Oglądający wzory badani wybierali te, które im się bardziej podobają. Dokonywali wyboru jednego z dwóch różniących się pod względem złożoności. W przypadku fraktali właściwych wybierano spośród ilustracji przypominających kanciaste płatki śniegu lub gałęzie, a w przypadku fraktali statystycznych – spośród obrazków inspirowanych chmurami.
Choć wybory dorosłych i dzieci nieco się różniły, ich ogólny charakter był podobny: wskazywano fraktale właściwe o większym stopniu skomplikowania. Spośród fraktali statystycznych zaś najbardziej podobały się średnio złożone. Badanie to potwierdza, że preferencje mamy ukierunkowane już we wczesnym dzieciństwie, co sugeruje, że upodobanie do estetyki fraktalnej formuje się na wcześniejszym etapie naszego rozwoju, niż do tej pory sądzono.
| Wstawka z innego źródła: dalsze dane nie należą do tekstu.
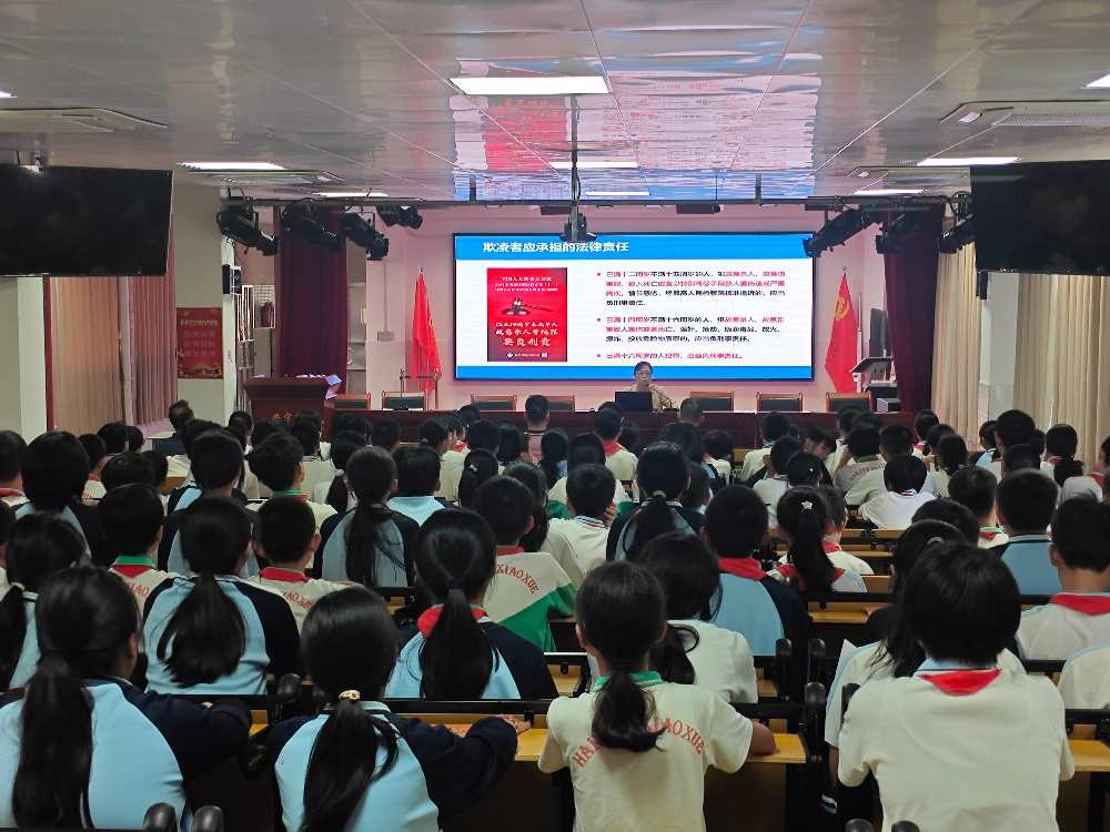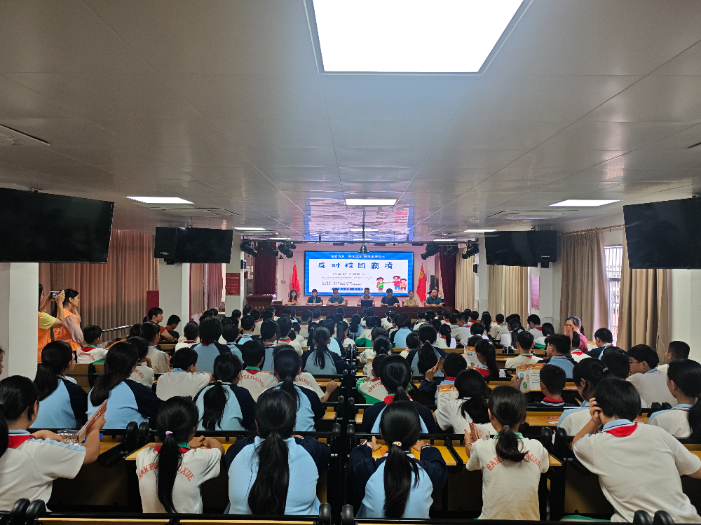 活动现场共200多名师生参加了讲座,其他班级则通过实时直播进行观看。宣讲老师借助生动的案例、形象的图片以及深入浅出的讲解,向学生们详细阐述了校园霸凌的定义、类型、原因、危害以及应对方式等多方面内容。结合前期发生的校园霸凌事件实例,让孩子们更为直观地认识到校园霸凌的严重危害,深刻明白校园霸凌绝不是小打小闹,而是可能触犯法律、影响一生的严重行为。在讲解过程中,孩子们全神贯注地聆听,时而露出震惊的表情,时而陷入沉思。他们真切地认识到,校园霸凌不仅仅是身体上的伤害,还包括言语上的攻击、社交上的孤立等多种形式,这些都会给受害者带来巨大的痛苦。

Kelly E. Robles, kierowniczka zespołu badawczego, wyjaśnia: „Inaczej niż w przypadku pierwszych ludzi, którzy żyli na sawannach, współczesny człowiek większość swego czasu spędza w stworzonych przez siebie budynkach. Dzieci nie mają więc tak dużego kontaktu z naturalnymi, niezbyt skomplikowanymi wzorami fraktalnymi, zatem dostrzeganie i rozpoznawanie owych wzorów musi wypływać z czegoś, co ukształtowało się na wczesnym etapie rozwoju człowieka, albo być wrodzone”.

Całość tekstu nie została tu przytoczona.